Why do you think that Jesus of Nazareth came up out of that water into which God breathed and God spoke and said you are mine and you are beloved? He came to show us how to live in a world where darkness threatens so that we would not succumb to it. He came to show us how to shine the light into the darkness and to seek the truth, and he came to tell us that beautiful truth that we are beloved, too. And because we are beloved, we are beholden to one another. It’s not just about us. We are rooted in community and are to seek the welfare of others because they are beloved, too.
And sometimes seeking their welfare means just telling the truth. Sometimes that’s how we help them resist being dragged into the darkness or even how we pull them out of the darkness the way the Samaritan pulled that left-for-dead man out of the ditch. Sometimes that’s doing what our Presiding Bishop Michael Curry calls being an agent of love in the world. That’s doing something about healing the wounds in our world.
At the end of Jesus’s story, the end of his time on earth, he gave himself up to death rather than to engage in violence. He had just told his disciples that he was the truth. That he was the life. That he was the way. And they said, but we don’t know the way. And Pilate said to him, “What is truth?”
But he showed them, again and again; he told them the stories again and again, that love means building up and not tearing down, that we are to carry the light of God into the dark places in our world, that the truth is what finally will set us free.

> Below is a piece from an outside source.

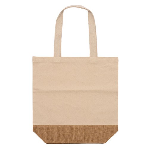 RDT2879837Sac shopping en coton recyclé et jute de 330 g/m², grand compartiment principal, poignées renforcées de 70 cm de long. Matières : Coton recyclé 330 g/m².

Today as we remember Jesus’s baptism, we remember our own baptismal vows that affirm our beliefs and direct us to worship and also call upon us to act: to persevere in resisting evil and to repent when we fall into sin; to proclaim the Gospel by word and deed; to seek and serve Christ in our fellow human beings and love our neighbors as ourselves; to strive for justice and peace and respect the dignity of every human being.
And so, beloveds, because of our baptism we have what we need to go out into the world to turn on the light of truth and to shine that light into the darkness of lies and power mongering and self-centeredness and hate and violence. We have what we need to go out and be agents of love, speaking truth, carrying the light of Christ.
May God give us the courage to do it.